Python absum包_程序模块 - PyPI

面向数据扩充的抽象摘要

absum的Python项目详细描述

用于数据扩充的抽象摘要

Python 3.6, 3.7

简介

类分布不平衡是ML中常见的问题，欠采样和过采样是解决这一问题的两种方法。像SMOTE这样的技术对于过采样是有效的，但是对于多标签数据集，这个问题会变得更加困难。 MLSMOTE已经被提出，但是由文本创建的数值向量的高维特性有时会使其他形式的数据扩充更具吸引力。在

absum是一个NLP库，它使用抽象摘要来执行数据扩充，以便对数据集中表示不足的类进行过采样。摘要摘要的最新发展使这种方法在获得用于扩充过程的真实数据方面是最佳的。在

默认情况下，它使用最新的Huggingface T5模型，但以模块化的方式设计，允许您使用任何预先训练或现成的、能够进行抽象总结的变压器模型。 absum与格式无关，只需要包含文本和所有特性的数据帧。它还使用多处理来实现最佳性能。在

也可以使用单数摘要调用。在

算法

在
附加计数或要为每个要素添加的行数首先使用上限阈值计算。也就是说，如果一个给定的特性有1000行，而上限是100，那么它的附加计数将为0。在
在
在
对于每个特性，它将完成一个从追加索引范围到为给定特性指定的附加计数的循环。存储追加索引允许多重处理。在
在
在
抽象摘要是针对唯一具有给定特征的所有行的指定大小子集计算的。如果设置了多处理，对抽象摘要的调用将存储在任务数组中，然后传递给使用multiprocessing库并行运行调用的子例程，从而大大减少了运行时间。在
在
在
每个摘要都被附加到一个新的数据帧中，每个数据帧具有一个热编码的相应特征。在
在

安装

通过pip

pip install absum

来源

^{pr2}$

或者

pip install git+https://github.com/aaronbriel/absum.git

使用

absum需要一个数据帧，其中包含一个默认为“text”的文本列，其余的列表示一个热编码特性。

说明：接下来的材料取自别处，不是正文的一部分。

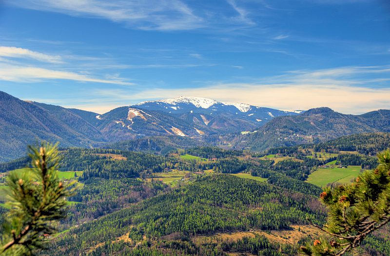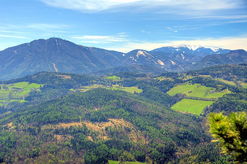 Im Zoom: Sonnwendstein mit der ORF Sendeanlage, Hirschenkogel mit seinen Schipisten und Stuhleck.

如果存在您不希望被考虑的其他列，您可以选择将特定的一个热编码特性作为逗号分隔字符串传递到“features”参数。下面的参数部分详细介绍了所有可用参数。在

import pandas as pd
from absum import Augmentor

csv='path_to_csv'df= pd.read_csv(csv)augmentor= Augmentor(df, text_column='review_text')df_augmented= augmentor.abs_sum_augment()# Store resulting dataframe as a csv
df_augmented.to_csv(csv.replace('.csv', '-augmented.csv'), encoding='utf-8', index=False)

在任何文本块上运行单一摘要非常简单：

text = chunk_of_text_to_summarize
augmentor = Augmentor(min_length=100, max_length=200)
output = augmentor.get_abstractive_summarization(text)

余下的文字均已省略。